Was far too fed up to even think about finding a happy moment yesterday.
Nothing terrible happened. There were no arguments. We had a perfectly ordinary day at home. K mowed the grass. T jet washed the patio, I cleaned the house and A had a pyjama day due to having a cold. T then went out with a mate so the rest of us watched a film for A to review for homework. We’d all seen it before so I felt no remorse at working on the knitting “project”. I’d finished all the knitting aspect of it. It just needed sewing together.
My prior optimism that it would all look much better when it was finished was, it seems, deeply misguided. See? Optimism and me just don’t get along. I should have learned by now.
Two thirds of the way through bodging all the crappy, loose, beginners-touch, cast on edges together and I was almost going to throw it all in the bin. Even talking to mum about it didn’t make me feel any better.

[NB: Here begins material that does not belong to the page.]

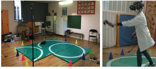
Figure 2: Left: AR setting at the day hospital - Right - a practitioner testing the application.

tioner's face inside a VR environment on a virtual television screen was deemed impossible for some children who would misunderstand the link between the image and practitioner. The total weight of the system of 563g was not considered to be a problem for autistic children aged more than 11 since it was well accepted in Newbutt et al.'s study [20]. Two HTC Vive controllers are used. Four Vive lighthouse outside-in tracking systems cover the interaction space to avoid tracking loss due to the practitioner being close to the child. Hence, trade-offs were made regarding the portability of the system in relation to its other features. The HMD runs on a desktop computer Dell Precision 3630, with i7 CPU, 32Go of RAM, and the Nvidia Geforce RTX2080. A 27-inch screen allows to monitor child's activities while being far from it.

I came to bed thoroughly pissed off and despondent that a couple of months labour has amounted to nothing resembling what I had pictured in my silly “I’ve never made anything like this before but I’m sure it’ll be easy” imaginings.
I’ve woken up this morning (after dreaming – yes I’m that boring – about knitting/bodging) and I’m going to try and salvage something from the mess. I think that with a bit of extra work and some changes to some of the sections it might be vaguely passable as the intended article.
So. Back to the “happy”. I can’t pinpoint a moment or a reason. But I guess looking back at the day I can be happy for having Just Another Ordinary Day. It’s quite nice to just potter around each other and eat meals together, and chat. We have a lot of weekends where we are out and running around trying to get things done. So I’m going to embrace the ordinary and slightly mundane. Sometimes we need it.
P.S. Will update on knitting-gate as it unfolds (or unravels as the case will probably be).